# Moss Brook, Manchester - July 2013



## PaulPowers (Jul 14, 2013)

I'm on call all weekend which means parking up somewhere and waiting for work 

I had a job nearby and decided to wait on an industrial estate near Manchester City Centre 

Looking at Google I spotted I was a couple of hundred foot from a culvert so I popped on my wellies and headed off to have a look



> Whalley Range.
> 
> Drainage difficulties are a feature of the area, as it was crossed by a large number of streams, some being notable as open sewers.[4] Many roads are in fact culverts, notably Upper Chorlton Road and Brantingham Road. As late as the 1930s significant drainage work had to be carried out in the Manley Road area.[5] Clarendon Road was built on the site of clay pits, and needed remedial work on gable-ends due to subsidence in the 1980s. Even today the remaining open streams are regularly worked on to prevent flooding.
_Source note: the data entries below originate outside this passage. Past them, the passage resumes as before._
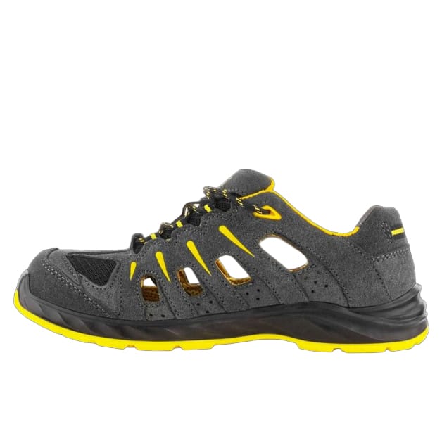 Sandały robocze BILBAO S1 to ergonomiczne obuwie ochronne zaprojektowane dla profesjonalistów wymagających wentylacji i bezpieczeństwa. Te sandały robocze z blachą (w tym modelu zastąpioną zaawansowanym, lżejszym podnoskiem kompozytowym) gwarantują ochronę palców przed uderzeniami, zachowując przy tym niską wagę. Konstrukcja cholewki ze szlifowanej skóry bydlęcej welurowej zapewnia trwałość w warunkach przemysłowych.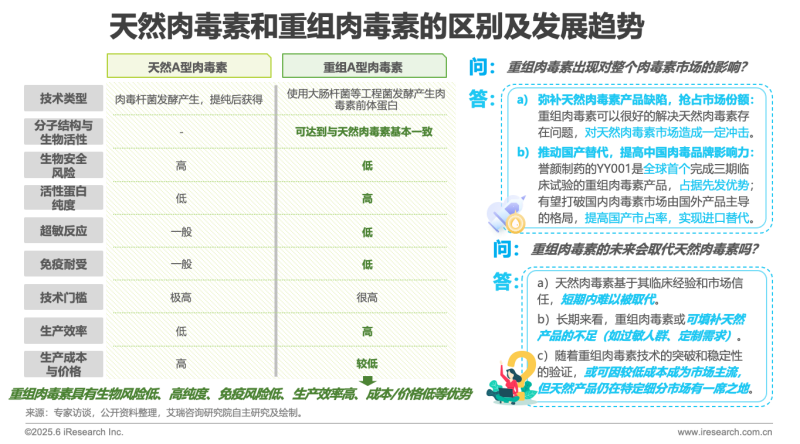 天然肉毒素是從肉毒桿菌培養(yǎng)液中提取的神經(jīng)毒素,含有毒素蛋白及輔助蛋白,臨床應(yīng)用歷史悠久,但可能存在批次差異和雜質(zhì)風(fēng)險。重組肉毒素通過基因工程生產(chǎn),僅含純化毒素蛋白,純度高、穩(wěn)定性強(qiáng),并可定制化調(diào)整效力或持久性。未來,重組肉毒素有望憑借安全性和可設(shè)計(jì)性逐步滲透醫(yī)美市場,但短期內(nèi)天然產(chǎn)品仍占主導(dǎo)。長期來看,兩者可能共存——重組產(chǎn)品側(cè)重高純度、個性化需求,而天然產(chǎn)品依賴品牌信任和成熟應(yīng)用。技術(shù)進(jìn)步和成本優(yōu)化將是重組肉毒素能否顛覆市場的關(guān)鍵。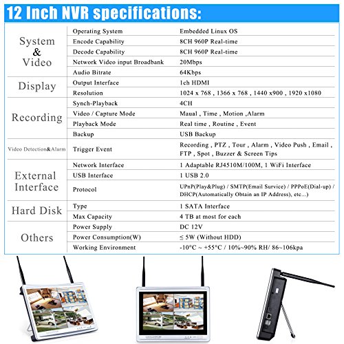 ★ Easy to use the 12inch monitor NVR kits: Plug and play, the only thing you need to do is connect the antennas with the cameras, then POWER the cameras amd NVR, all the cameras will auto pair with NVR, you will get the images on the 12inch monitor within minute.True Plug and Play. You don't have to do the other mess things. A sample video about how to install this system: https://youtu.be/EQxeK9grNOA
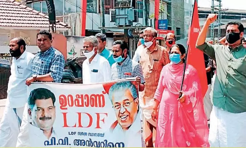 പി.വി. അൻവറിന്റെ സ്ഥാനാർഥി പ്രഖ്യാപനം; നിലമ്പൂരിൽ എൽ.ഡി.എഫ് ആഹ്ലാദ പ്രകടനം
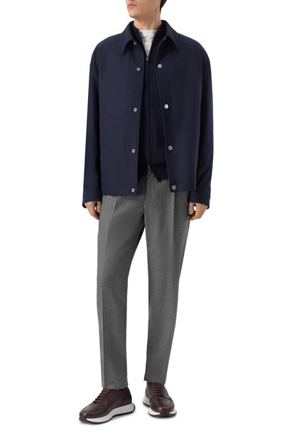Для пошива брюк Ed с защипами спереди и стрелками использовали тонкую ткань из шерсти первого пострига. Модель с эластичными вставками и регулируемой кулиской на поясе дополнили боковыми карманами и задними с клапанами на пуговицах.
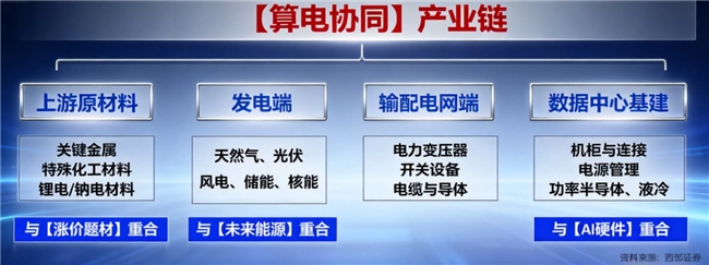 “股道领航”首席投顾洪书敏(登记编号 A0740620030004)在解盘直播中,进一步拆解了产业机遇:“从产业影响来看,算电协同将重塑能源与数字两大核心产业的发展逻辑,带动多个细分领域迎来确定性机遇。一方面,电力系统升级需求凸显,特高压设备(变压器、换流阀)、储能设备、虚拟电厂相关企业,或将受益于绿电输送、电网调节的需求增长;另一方面,算力基础设施升级加速,数据中心配套的液冷、高效电源、智能能源管理系统,以及算力租赁、AI硬件等领域,或将迎来持续景气周期。”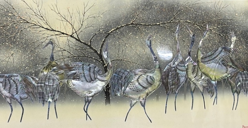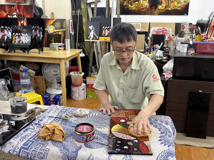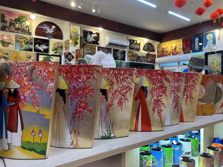Paikallinen kästityötaito tuli komeasti esille taidekaupassa, jossa kuviot koottiin puulevyille simpukkojen helmiäisestä, värjättiin, lakattiin ja hiottiin, kaikkiaan 17 kertaa. Upeita taideteoksia!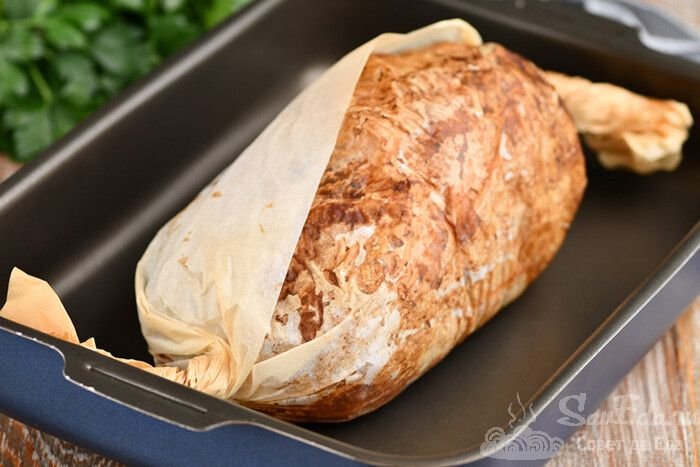 6. Заворачиваем в один слой и закручиваем концы, как у конфеты. Перекладываем мясо в форму и запекаем в разогретой духовке при 180 градусах 1,5 часа.

The culvert started off well being about 7 foot high but it was rocky under foot 
the mineral deposits and stalactites were quite different

Soon I reached thestoopy arch which was about 4 foot tall which made for an interesting scramble as the ground was now just rubble so I put my camera away to save it a soaking

I doubt I'll ever walk straight again


----------



## TeeJF (Jul 15, 2013)

Surely all that rubble hasn't been washed there by the water? it would need to be torrents?


----------



## UrbanX (Jul 15, 2013)

That looks a stinker, rather you than me! Interesting to know how the rubble got there too? 
Cheers for sharing great pics as usual!


----------



## flyboys90 (Jul 15, 2013)

Ace photos.


----------



## LittleOz (Jul 15, 2013)

Great little report but I'm still not sure I get the whole paddling explore thing. Guess I'll just have to try one, eh?


----------



## PaulPowers (Jul 15, 2013)

LittleOz said:


> Great little report but I'm still not sure I get the whole paddling explore thing. Guess I'll just have to try one, eh?



Don't forget the drain spiders


----------